He had successfully avoided meeting his landlady on the staircase. His garret was under the roof of a high, five-storied house and was more like a cupboard than a room. The landlady who provided him with garret, dinners, and attendance, lived on the floor below, and every time he went out he was obliged to pass her kitchen, the door of which invariably stood open. And each time he passed, the young man had a sick, frightened feeling, which made him scowl and feel ashamed. He was hopelessly in debt to his landlady, and was afraid of meeting her.
This was not because he was cowardly and abject, quite the contrary; but for some time past he had been in an overstrained irritable condition, verging on hypochondria. He had become so completely absorbed in himself, and isolated from his fellows that he dreaded meeting, not only his landlady, but anyone at all. He was crushed by poverty, but the anxieties of his position had of late ceased to weigh upon him. He had given up attending to matters of practical importance; he had lost all desire to do so. Nothing that any landlady could do had a real terror for him. But to be stopped on the stairs, to be forced to listen to her trivial, irrelevant gossip, to pestering demands for payment, threats and complaints, and to rack his brains for excuses, to prevaricate, to lie--no, rather than that, he would creep down the stairs like a cat and slip out unseen.
This evening, however, on coming out into the street, he became acutely aware of his fears.

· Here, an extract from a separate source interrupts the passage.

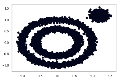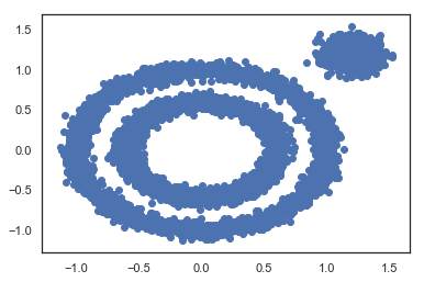 X2, y2 = datasets.make_blobs(n_samples=1000, n_features=2, centers=[[1.2,1.2]], cluster_std=[[.1]],random_state=9)X = np.concatenate((X1, X2))

"I want to attempt a thing /like that/ and am frightened by these trifles," he thought, with an odd smile. "Hm . . . yes, all is in a man's hands and he lets it all slip from cowardice, that's an axiom. It would be interesting to know what it is men are most afraid of. Taking a new step, uttering a new word is what they fear most. . . . But I am talking too much. It's because I chatter that I do nothing. Or perhaps it is that I chatter because I do nothing. I've learned to chatter this last month, lying for days together in my den thinking . . . of Jack the Giant-killer. Why am I going there now? Am I capable of /that/? Is /that/ serious? It is not serious at all. It's simply a fantasy to amuse myself; a plaything! Yes, maybe it is a plaything."

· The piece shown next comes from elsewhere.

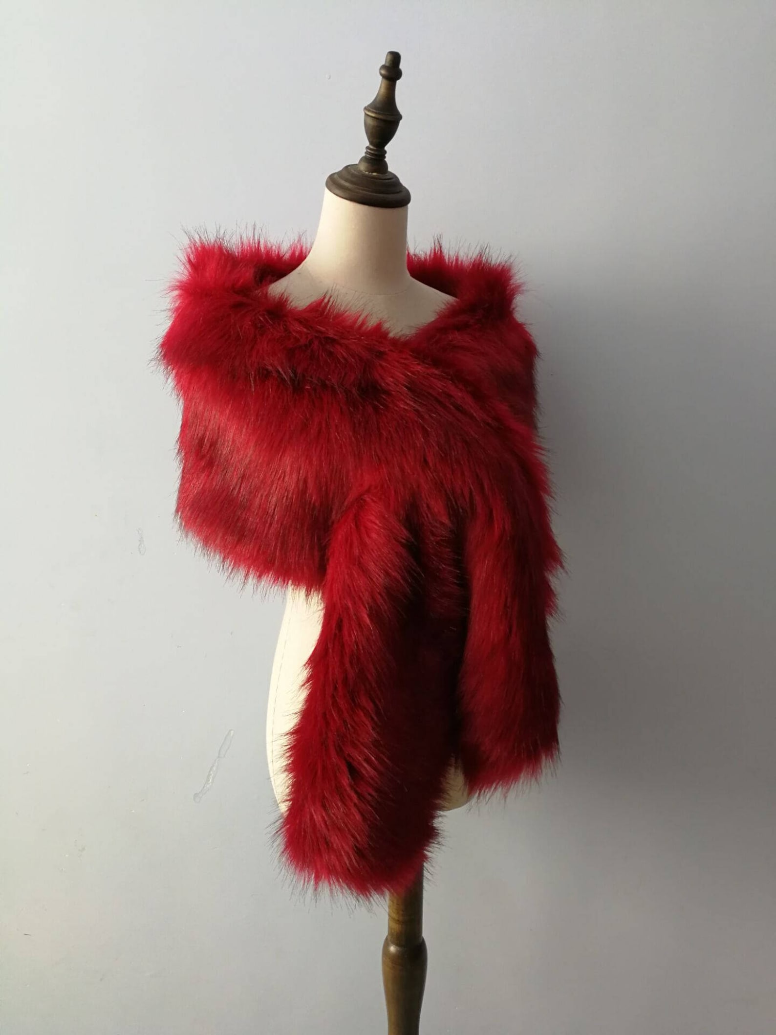 Red Wedding Shawl Faux Fur Bridal Stole Red Faux Fur Wrap Bridal Bolero Fur Shawl Cape Red faux fur shawl red

The heat in the street was terrible: and the airlessness, the bustle and the plaster, scaffolding, bricks, and dust all about him, and that special Petersburg stench, so familiar to all who are unable to get out of town in summer--all worked painfully upon the young man's already overwrought nerves. The insufferable stench from the pot- houses, which are particularly numerous in that part of the town, and the drunken men whom he met continually, although it was a working day, completed the revolting misery of the picture. An expression of the profoundest disgust gleamed for a moment in the young man's refined face. He was, by the way, exceptionally handsome, above the average in height, slim, well-built, with beautiful dark eyes and dark brown hair. Soon he sank into deep thought, or more accurately speaking into a complete blankness of mind; he walked along not observing what was about him and not caring to observe it. From time to time, he would mutter something, from the habit of talking to himself, to which he had just confessed. At these moments he would become conscious that his ideas were sometimes in a tangle and that he was very weak; for two days he had scarcely tasted food.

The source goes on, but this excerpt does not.